Wednesday, August 19, 2015

Four years & Stephen Colbert

I've liked Stephen Colbert for a long time. Ask my dad - the number of times I asked to watch the Colbert Report instead of reruns of The Daily Show is too high to count (sorry, Jon Stewart, and sorry, Dad). Colbert has always made me giggle, and smile, and laugh/snort/chortle. And when he started saying things like this on the air I knew he was the comedian for me:


Funny, loves Jesus, and has a wicked eyebrow raise. What more can you ask for?

I'm eagerly anticipating the start of The Late Show with Stephen Colbert in September, and today I read the cover story about him in GQ. And more than laughs it was filled with heartfelt reflections on grief, and suffering, and joy. 
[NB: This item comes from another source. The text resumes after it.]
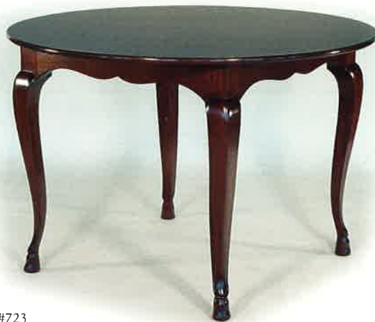
#723 ROUND DINING TABLE 44" DIA X 29"H Illustrated in walnut.

When Colbert was 10 his dad and two of his brothers were killed in a plane crash. He's the youngest of 11 kids, and everyone else was out of the house, so it was just him and his mom after the crash. (His mom sounds seriously amazing. And if you want to see one of the most beautiful moments of television, watch this tribute to her when she passed away in 2013.)

In the story, he says:
“It was a very healthy reciprocal acceptance of suffering,” he said. “Which does not mean being defeated by suffering. Acceptance is not defeat. Acceptance is just awareness.” He smiled in anticipation of the callback: “ ‘You gotta learn to love the bomb,’ ” he said. “Boy, did I have a bomb when I was 10. That was quite an explosion. And I learned to love it. So that's why. Maybe, I don't know. That might be why you don't see me as someone angry and working out my demons onstage. It's that I love the thing that I most wish had not happened.”
I love the thing that I most wish had not happened. 

Today marks four years from my Mom's stroke. I've been weepy and teetering on the edge of the waves of grief for the last week - somehow my body and my subconscious recognizes the date before my mind catches up. I keep thinking to myself, like I'm still three, "I want my mommy."

Reading this, today, was a grace. I'm not there yet - I don't love it, yet. (But it took Colbert 25 years, so I have some time.) But even though I want my mommy more than anything right now I also wouldn't change it for the world. My mom's stroke and cancer and death have made me who I am, have led to my vocation, have brought me to my soon-to-be husband. I wish with all my heart that it had not happened, but at the same time I'm so grateful that it did.

Mom, I miss you, and I love you, and I wish you were still here, but I wouldn't change the time we had together, or the life you led me into.